Please spread the word if you enjoy them, by sharing the page or talking about them on your social media…
To The Moon
by Christine Dubuc
Standing outside the back door, he feels himself being lifted high up into the sky. Like a child on a bouncy castle, he dips, spins, screams, laughs, cries tears that fall as light drizzle. He dives down to the crashing waves and then swoops up towards the moon, its mouth like a cave into which he could crawl and sleep forever. He flies backwards as if pushed violently by a bomb blast and loses consciousness. When he comes round, there is no moon. He is floating through grey matter, cannot feel his body. So this is death he thinks, before even thought evaporates.
Christine writes short stories and poetry. She attends a writing class once a week.
A Trace Of Silver
by Fizle Sagar
The heavy door closed behind me with a soft hiss. In the half-light your face glowed and I thought I saw you breathing.
Music sounded from discreet speakers hidden within the alcoves. Some hymn or other. I imagined you rolling your eyes and shaking your head with a sigh. I’ll ask them to change it. Siouxsie singing Dear Prudence perhaps, but then you never were one for the Beatles either.
I wanted to kiss you but I shuddered at the thought of your cold lips against mine.

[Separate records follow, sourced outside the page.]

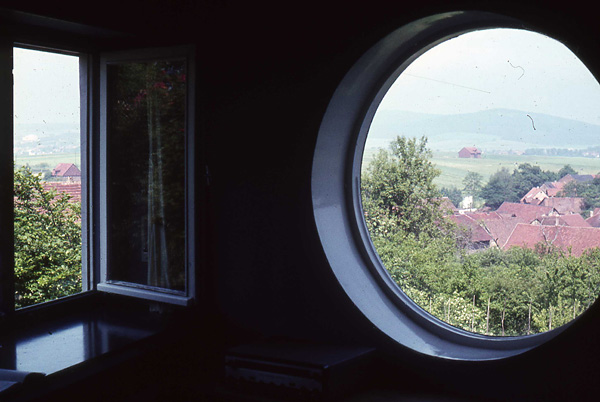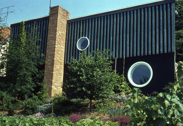 Blick vom Schützenplatz auf das Haus. Die Terrassentür zum Wohnzimmer ist geöffnet, so dass sich eine optische Täuschung ergibt. Man blickt direkt hinein in den Wohnraum und sieht das kleine Bullauge in der gegenüberliegenden Wand - und doch macht der erste Eindruck glauben, als befände sich dieses in der Tür zur Terrasse. |
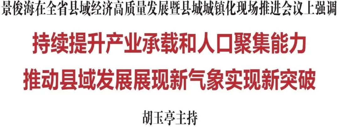 胡玉亭还率领与会人员到敖东工业园、大健康产业园,实地察看项目建设进展,帮助研究解决实际问题。会议播放县域经济高质量发展典型示范专题片。在充分肯定我省县域发展和城镇化工作后,景俊海指出,当前,我省县域发展和新型城镇化进入新阶段,必须准确把握县域发展与维护国家“五大安全”的关系,县域发展与全省高质量发展、可持续振兴的关系,县域发展与新型工业化、信息化、城镇化、农业现代化的关系,县域发展与促进共同富裕的关系,进一步强化县域经济重要支撑作用,充分发挥新型城镇化重要战略优势,持续激发县域发展活力。景俊海强调,推动县域经济高质量发展,要把强县和富民统一起来,把改革和发展结合起来。要以特色优势推动产业现代化,依托特色资源进行全产业链深度开发,因地制宜做强特色工业、壮大特色农业、发展特色服务业。要以项目支撑壮大实体经济,精心抓好项目谋划,提升产业平台功能,强化要素供给保障,更好地聚资源、引客商、招企业、落项目。要以改革放权激发内生动力,最大限度把经济社会管理权限下放到县一级,更好支持新产业新业态新模式发展。要以一流营商环境赋能发展,打造高效便捷政务环境、公正公平法治环境、英才汇聚人才环境,为县域经济高质量发展创造有利条件。景俊海强调,新型城镇化,人是核心、县城是重要载体,关键在城乡融合。要进一步科学把握县城发展定位,加快壮大大城市周边县城,分类打造区域节点特色县城,抓好专业功能型县城培育,更好扶持边境县城发展。要加快完善基础设施,着力实施城市更新行动,扎实推进乡村建设行动,强化城乡道路交通联结。要提升公共服务供给质量,更好满足群众对教育、医疗、社会保障、文化体育等方面需求。要深化体制机制创新,切实打通城乡要素自由流动、平等交换通道。景俊海要求,各级党委政府要把县域发展摆在突出位置,加强组织领导,强化考核评估,搞好试点示范,以“五化”闭环工作法抓好落实,努力营造支持县域发展的浓厚氛围。胡玉亭指出,要切实提高县域经济高质量发展和县城城镇化建设的紧迫感责任感,对照功能定位找准赛道、扬长补短,全力建设一批生态大县、农业强县、工业富县、文旅名县、边境特色县。做强优势主导产业,努力打造产值百亿元以上产业集群。深化扩权强县体制机制改革,盘活用好各类资源。统筹城乡融合发展,加快美丽乡村建设。实施好“县城更新行动”,提高公共服务、人居环境水平。要压实各方责任,坚持统筹在省、推进在市、落地在县,同题共答共考,强化保障支持,鼓励地方首创,“一把手”亲自上手,用数据说话、用结果交账,发挥好考核“指挥棒”作用,推动县域经济高质量发展实现新突破。
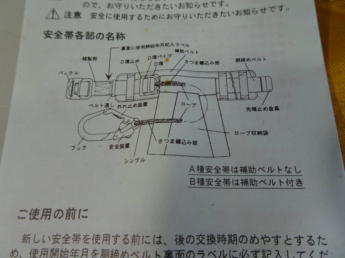谷沢製作所 11年9月製造 510ESR-50Bタニザワの安全帯 1本吊専用 中古
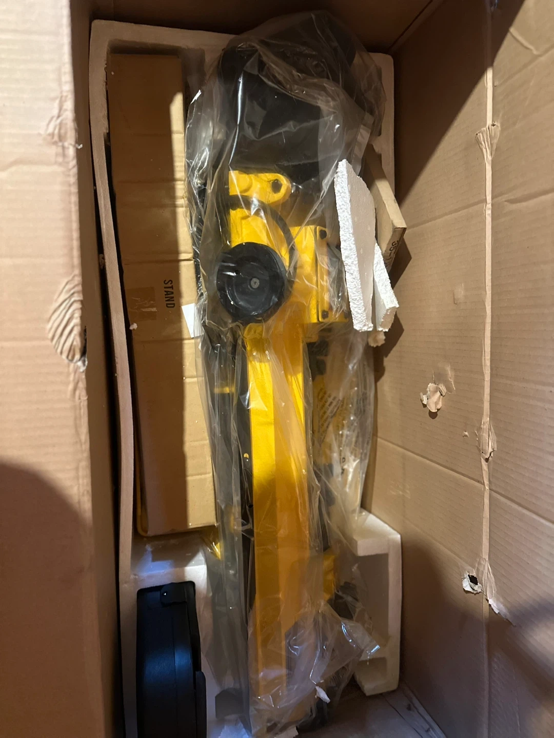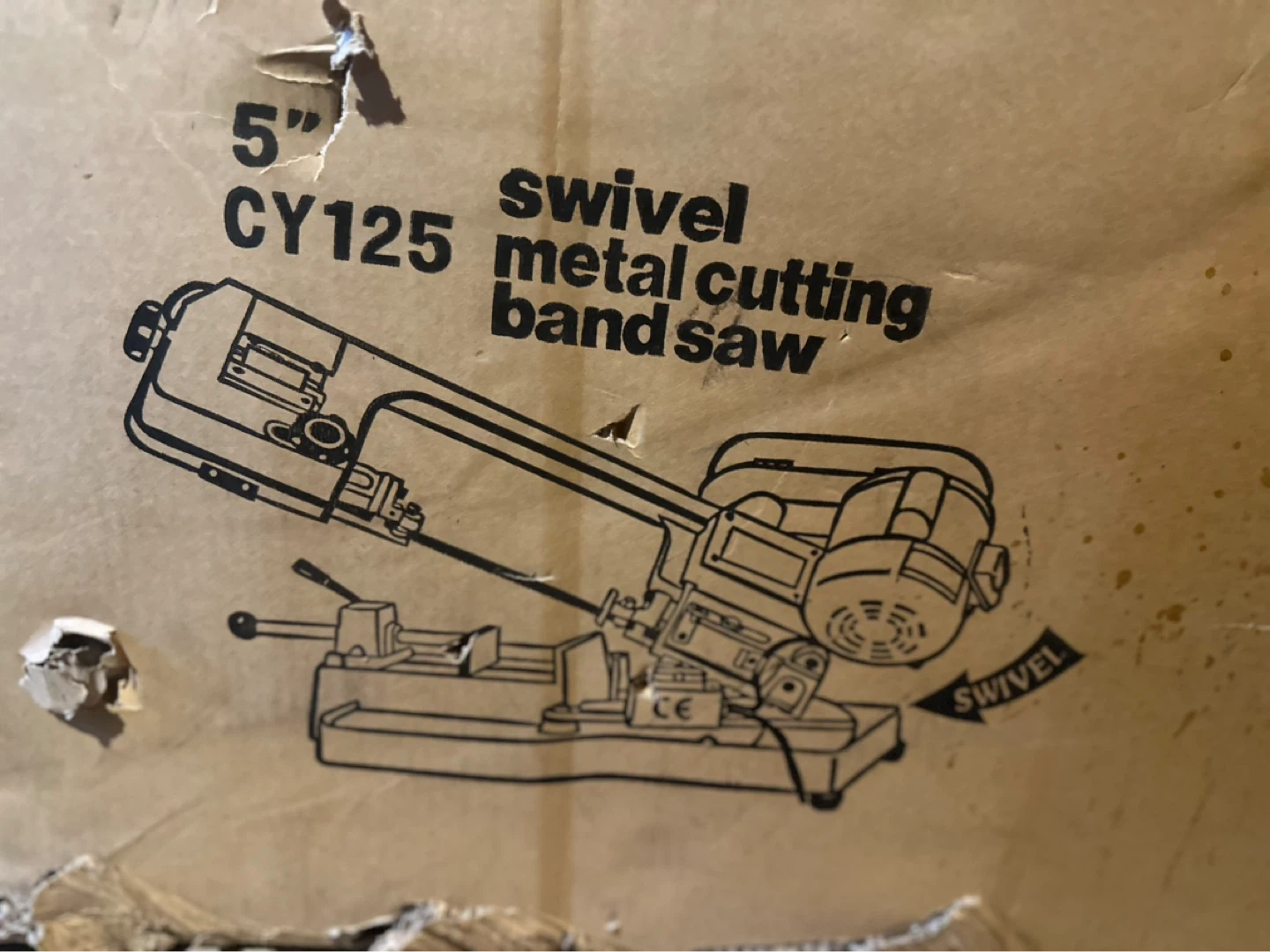 This is a 5" swivel metal cutting band saw, model CY125. It's yellow and black and comes in its original box with foam inserts. The stand is also included.
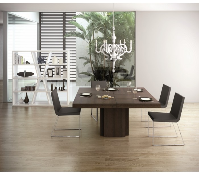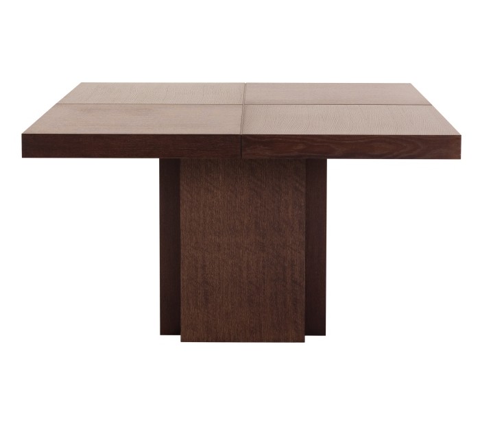 TemaHome Dusk spisebord udført i et design af chokoladefarvet melamin og finér. Spisebordet måler 75 cm i højden og 150 x 150 cm i bredde og dybde.
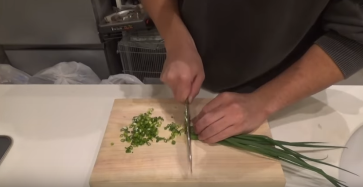 小ねぎを細かくきざむ。
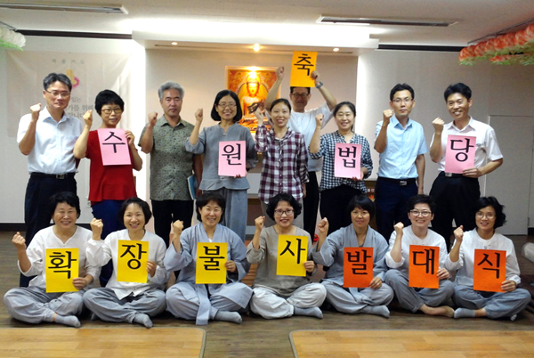 2015년 8월 26일, 수원법당은 그동안 정들었던 보금자리를 떠나 새로운 터전으로 옮기기 위한 발대식을 했습니다. 수원정토회 대표인 권류경 대표, 총무소임을 맡고 있는 조영미 총무, 저녁팀장인 목순수 보살과 저녁팀담당인 이명선 보살 이하 수원법당의 많은 도반이 발대식에 참여하여 새로운 보금자리를 위한 마음을 다졌습니다.
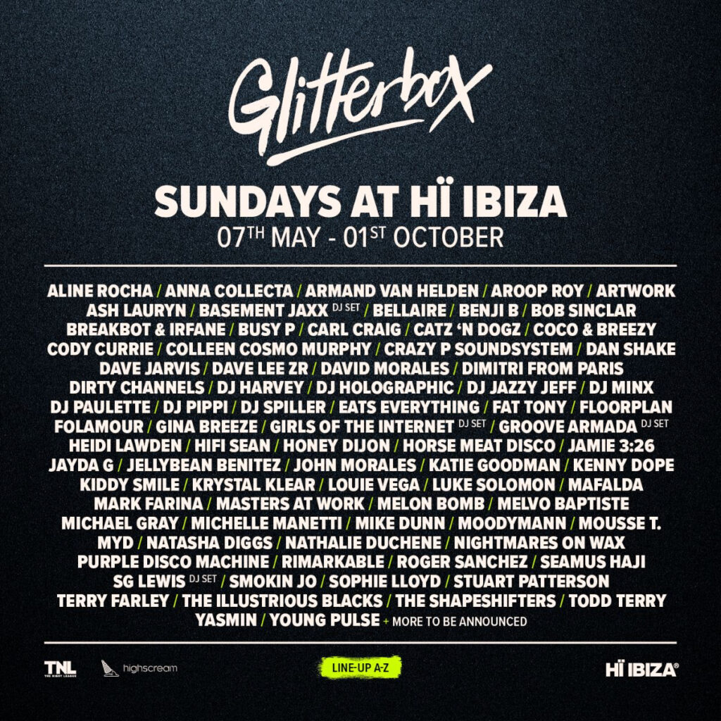 In May, Glitterbox makes its return to Ibiza super-club Hï Ibiza for its sixth season, securing its spot as one of the club’s longest-running and best-loved residencies. The line-up reveal demonstrates Glitterbox’s unrivalled pull for talent to the island and brings along the night’s iconic performers to dominate Sunday nights for a mighty 22 weeks.
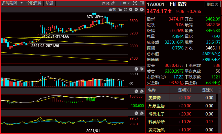 周末信息错综复杂,譬如全球各国领导人召开的气候视屏会议,全球纷纷表示重视碳排放、碳中和指标,我国同样制订了发展核能、风能、光伏的具体指标,特别是提出2030年达到的目标还有不到九年时间,可以说碳排放相关概念是长期题材,另外新能源、汽车智能化也是具有很强的潜在力,只不过短期炒作之后回踩一笔,调整到低点是机会。另外顺周期涨价概念也有蠢蠢欲动迹象,我国高层密切关注基础原材料涨价,这一点是全球联动所造成的,一方面全球经济复苏大趋势不可改变,另一方面随着疫苗接种普及,全球疫情短暂再次严重是暂时的,随着全球抗击疫情努力下肯定能度过难关。
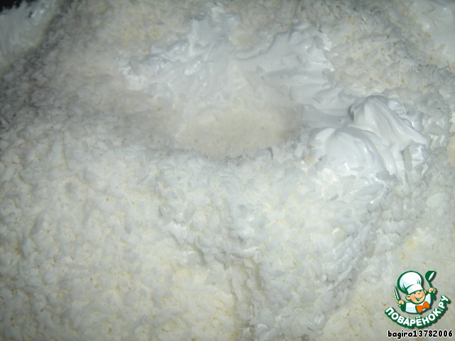 Затем добавим ванилин, кокосовую стружку, и аккуратно перемешаем.

I pressed a button and the music faded, the light dimmed. It was just you and me and the silence while from beneath one closed eyelid, a tear rolled a trace of silver down your cheek.
Fizle is a creative writer of historical fiction and an artist. Her first book ‘As the World Spins’ in its final edit before approaching agents/publishers etc.
Follow the author on X/Twitter.
Enter our flash fiction competition here, to win cash prizes and publication.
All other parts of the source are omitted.